The moon was reflected in pools of horse-blood. As if it had fallen to earth.

There was a looter rifling through the wallets of the dead, stealing enamelled brooches, fibulae, rings from broken fingers. Maybe a villager or even one of his own, but he killed him anyway. Stepped up silently behind him and drove his sword down into the back of his neck. But immediately in the darkness, there was another. He felt weary. You cannot kill them all.

There was a warrior dying one-legged. There was a still-kicking horse. He was tired of killing. Tired among the heaps of the dead and dying, among the pools of blood and the broken weapons of war, among the dead rainbows and the fallen moon lying reflected in the pools of blood. He knelt abruptly and planted his sword in the earth. Let it remain there among the cold and dead.

At dawn, Attila realised that the Romans could attack him no more. They, too, were exhausted, what remained of them. He gave the order to break camp and the bedraggled remnant of his horde rode away east.

Once they were gone, the Romans and the Visigoths did likewise. Two-thirds of the men were wounded and dying, and the column moved very slowly. A vast silence settled over the Catalaunian Fields, and over the heaps of the innumerable dead.

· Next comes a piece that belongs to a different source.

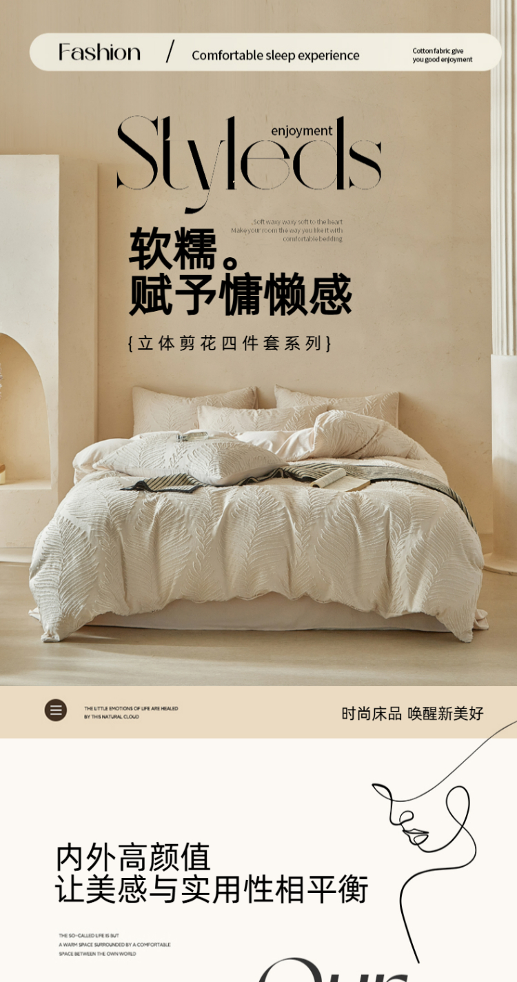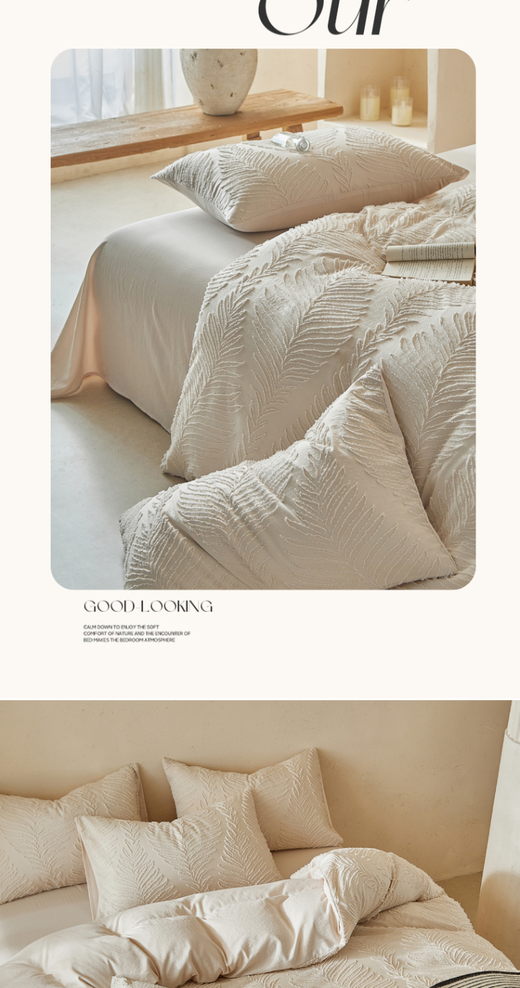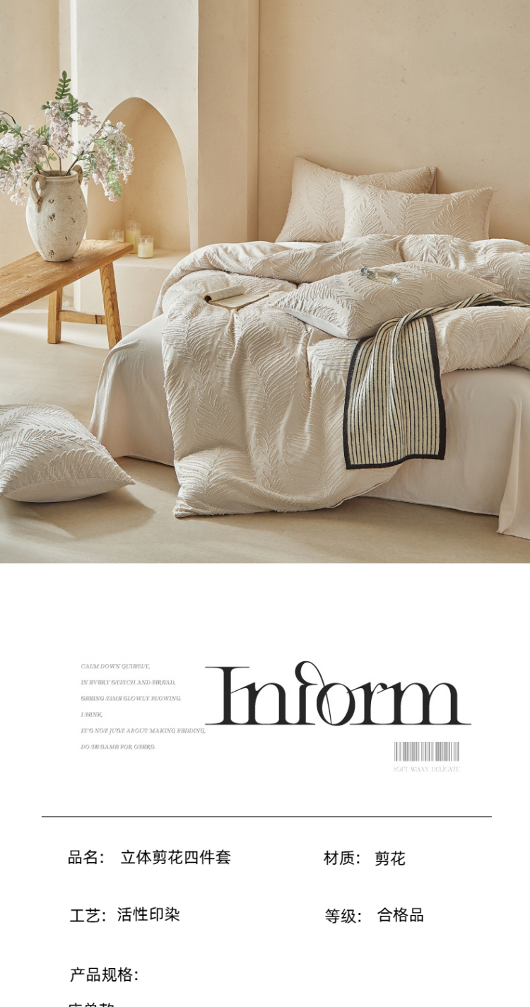 当前位置: 91家纺网 > 商品网购 > 床品套件 > 四件套 > 磨毛活性四件套 > 缘生活 2025年新款剪花针叶四件套四季款(民宿首选) 剪花针叶-卡其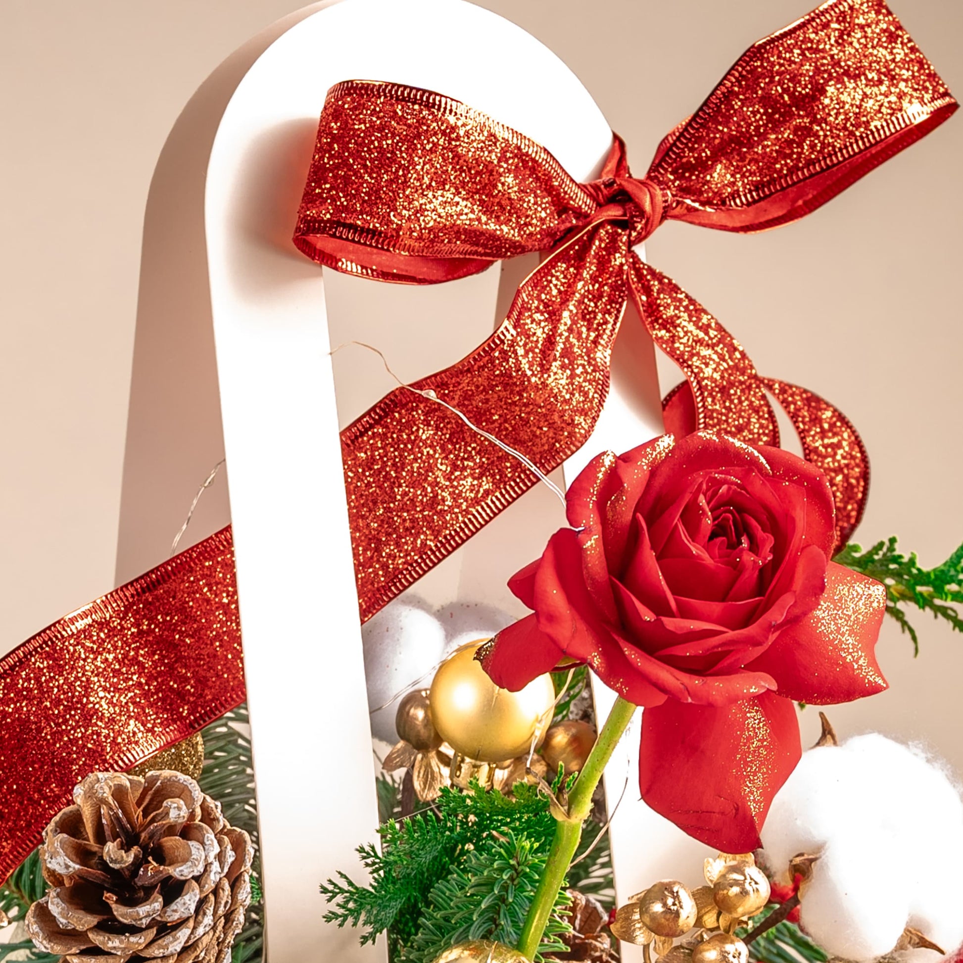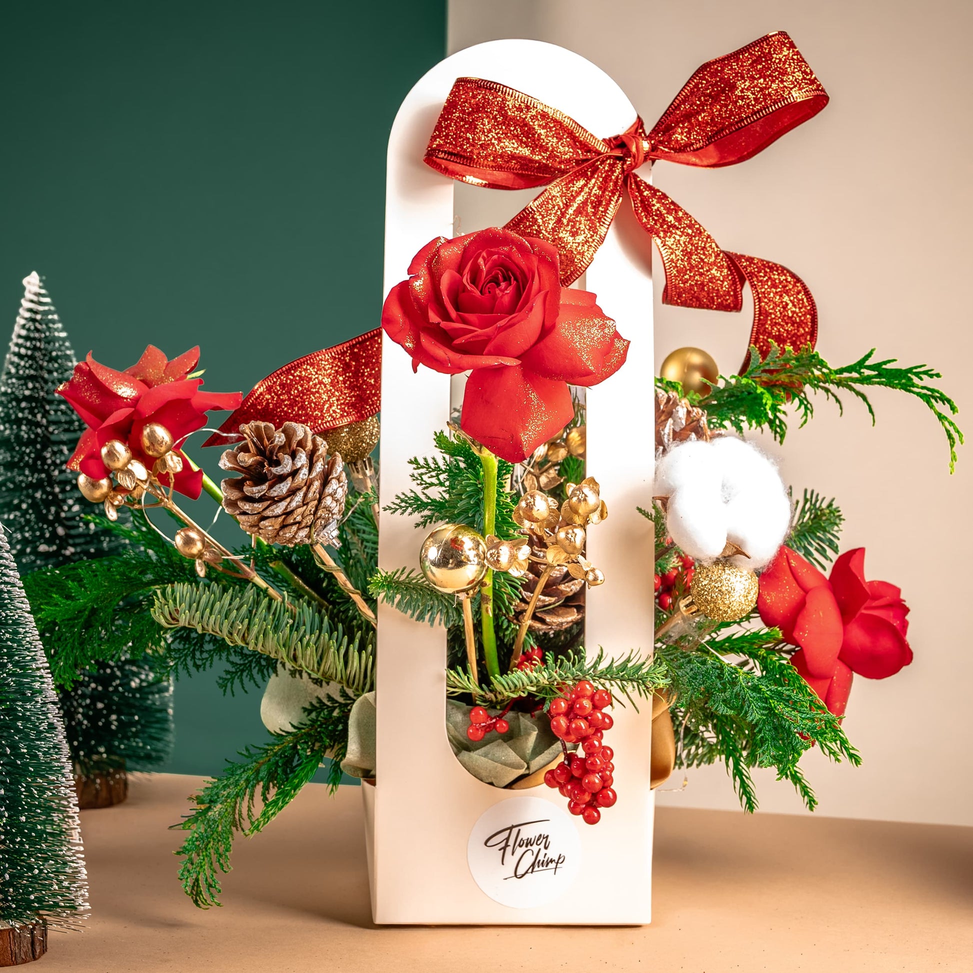 Red Rose (3 Stalks), Red Berry (2 Stalks), Pine Cones (3 Stalks), Red Artificial Ilex Small (1 Stalk), Christmas Leaf, Pinus Morrisonicola

That winter, there were many wolfpacks in that country.

Broken in spirit, the rag-tag army of Attila and his embittered mercenaries wreaked horrible, fitful revenge on the native populations through which they passed on their sullen retreat to their homelands. Some Burgundian captives were roped and dangled from trees and and used for target practice. They made the Burgundian children watch, thinking it amusing they should see their fathers stuck to death with arrows.

Their amusements left splayed bodies by the roadside, women with child torn open, the unborn whelps harrowed from their wombs and set on pikes. Molten gold was poured into the mouths of captured Jews, whom the mercenaries derided as Christless unbelievers. The last encampments and cave-dwellings of the quiet forest people of the Bohemian Forest, who hunted dormice and foraged for roots and berries, brown-eyed and dreamy and silent, a tribe of children, who even in that age lived on as they had lived in Europe for centuries, perhaps for millennia, speaking a language that no one else understood, as if from Eden before the Fall: they, too, were extinguished by the Harrowing of Attila, a nameless, unknown, preterite people, innocent as air. They were rounded up and put to the sword, going to their deaths mildly as they had lived, their small villages of straw huts left smoking in their sunlit glades. All suffered from the hordes of Attila.

Europe groaned and bled, and the King himself rode on in silence at the head of his defeated murderous horde, eyes fixed ahead, indifferent to the devastation left in his black and smoking wake. All the world burning and nothing left to save. If he could not be the Master of the World, he would be its Destroyer.